To simultaneously address these two problems, we propose to establish an appropriate image prior with the high order Markov random fields (MRFs) model. This is motivated by the two advantages of MRFs. First, MRFs can learn an ensemble of filters to determine the statistic distribution of images, which is sufficient to capture the complicated image structures. Second, MRFs integrates the potential defined on each clique (i.e., centering at each pixel) into a probabilistic joint distribution, which is able to capture the long-range correlation among pixels potentially.

However, traditional MRFs models (e.g., Fields of experts (FoE) [14]) cannot be directly embedded into the commonly used BID framework which estimates the blur kernel in a coarse-to-fine scheme. Due to the intractable partition function, those models often learn parameters from an external image database, which results in the response of the latent image to those learned filters distributing differently across various scales and thus failing to be well depicted by the same MRFs model. For example, the learned filters lead to a heavy-tailed sparse distribution on the fine-scale while a Gaussian distribution on the coarse scale. That is one of the inherent reasons for why MRFs model is rarely employed for BID.

To overcome this difficulty, we propose a novel MRFs based image prior, termed super-Gaussian fields (SGF), where each potential is defined as a super-Gaussian distribution. By doing this, the partition function, the curse for traditional MRFs, can be theoretically ignored during parameter learning. With this advantage, the proposed MRF model can be seamlessly integrated into the coarse-to-fine framework, and all model parameters, as well as the latent image, can be data-adaptively learned and inferred from the blurred observation with a variational framework.
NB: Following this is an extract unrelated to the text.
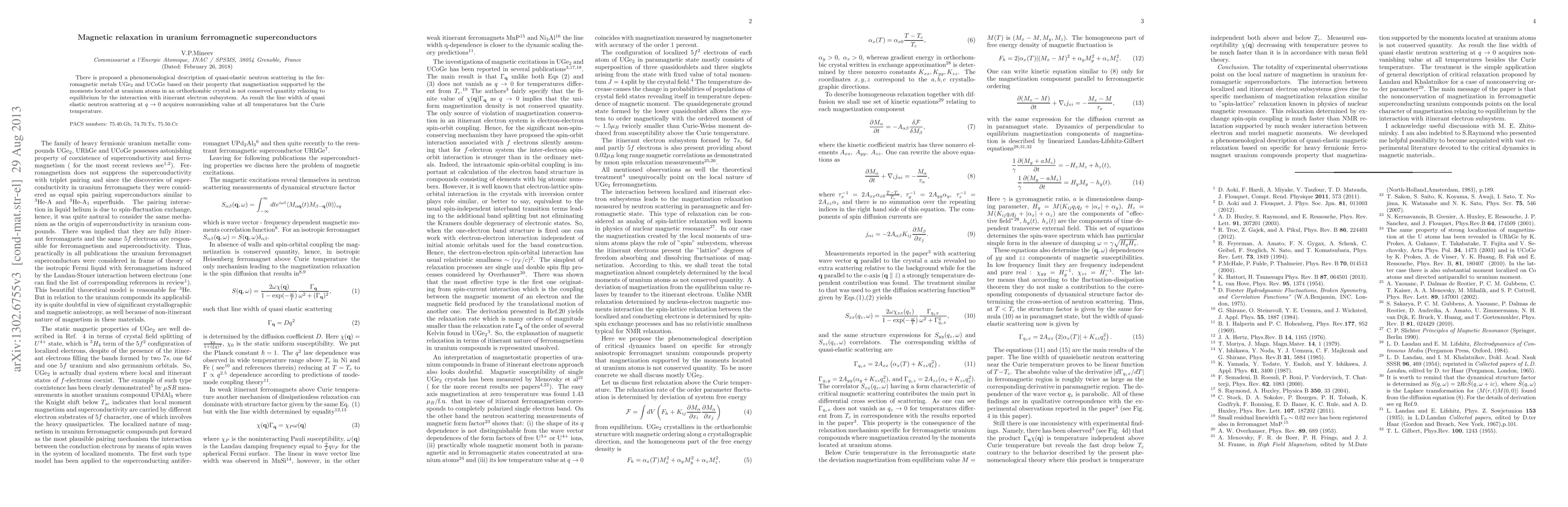 This paper proposes a phenomenological theory explaining quasi-elastic neutron scattering in uranium-based ferromagnetic superconductors, UGe$_2$ and UCoGe, where magnetization relaxation occurs due to interactions with itinerant electrons, resulting in a non-zero scattering line width at all temperatures except the Curie temperature.

Compared with prevailing deblurring methods on extensive experiments, the proposed method shows obvious superiority under both BID and NBID settings.

2 Related Work

2.1 Blind Image Deblurring

Due to the pioneering work of Fergus et al. [5] that imposes sparsity on image in the gradient spaces, sparse priors have attracted attention [5,6,7,8,9,10,11,12,13]. For example, a mixture of Gaussian models is early used to chase the sparsity due to its excellent approximate capability [5, 6]. A total variation model is employed since it can encourage gradient sparsity [7, 8]. A student-t prior is utilized to impose the sparsity [9]. A super-Gaussian model is introduced to represent a general sparse prior [10]. Those priors are limited by the fact that they are related to the \(l_1\)-norm. To relax the limitation, many the \(l_p\)-norm (where \(p<1\)) based priors are introduced to impose sparsity on image [11,12,13]. For example, Krishnan et al. [11] propose a normalized sparsity prior (\(l_1/l_2\)). Xu et al. [12] propose a new sparse \(l_0\) approximation. Ge et al. [13] introduce a spike-and-slab prior that corresponds to the \(l_0\)-norm. However, all those priors are limited by the fact that they assume the coefficients in the gradient spaces are mutually independent.
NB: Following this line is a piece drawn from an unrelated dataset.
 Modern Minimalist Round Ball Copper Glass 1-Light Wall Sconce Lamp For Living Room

Besides the above mentioned sparse priors, a family of blind deblurring approaches explicitly exploits the structure of edges to estimate the blur kernel [2, 3, 15,16,17,18,19]. Joshi et al. [16] and Cho et al. [15] rely on restoring edges from the blurry image. However, they fail to estimate the blur kernel with large size. To remedy it, Cho and Lee [2] alternately recover sharp edges and the blur kernel in a coarse-to-fine fashion. Xu and Jia [3] further develop this work. However, these approaches heavily rely on empirical image filters. To avoid it, Sun et al. [17] explore the edges of natural images using learned patch prior. Lai et al. [18] predict the edges by learned prior. Zhou and Komodakis [19] detect edges using a high-level scene-specific prior. All those priors only explore the local patch in the latent image but neglect the global characters.

Rather than exploiting edges, there are many other priors. Komodakis and Paragios [20] explore the quantized version of the sharp image by a discrete MRF prior. Their MRF prior is different with the proposed SG-FoE prior that is a continuous MRF prior. Michaeli and Irani [21] seek sharp image by the recurrence of small image patches. Gong et al. [22, 23] hire a subset of the image gradients for kernel estimation. Pan et al. [4] and Yan et al. [24] explore dark and bright pixels for BID, respectively. Besides, deep learning based methods have been adopted recently [25, 26].

2.2 High-Order MRFs for Image Modeling

Since gradient filters only model the statistics of first derivatives in the image structure, high-order MRF generalizes traditional based-gradient pairwise MRF models, e.g., cluster sparsity field [27], by defining linear filters on large maximal cliques. Based on the Hammersley-Clifford theorem [28], high-order MRF can give the general form to model image as follows:

$$\begin{aligned} p(\mathbf {x};\varTheta ) = \frac{1}{{Z(\varTheta )}}\prod \limits _{c \in C} {\prod \limits _{j = 1}^J {\phi ({\mathbf {J}_j}{\mathbf {x}_{c}})} }, \end{aligned}$$
(2)

where C are the maximal cliques, \(\mathbf {x}_c\) are the pixels of clique c, \(\mathbf {J}_j\) are the linear filters and \(j=1,...,J\), \(Z(\varTheta )\) is the partition function with parameters \(\varTheta \) that depend on \(\phi \) and \(\mathbf {J}_j\), \(\phi \) are the potentials. In contrast to previous high-order MRF in which the model parameters are hand-defined, FoE [14], a class of high-order MRF, can learn the model parameters from an external database, and hence has attracted high attention in image denoising [29, 30], NBID [31] and image super resolution [32].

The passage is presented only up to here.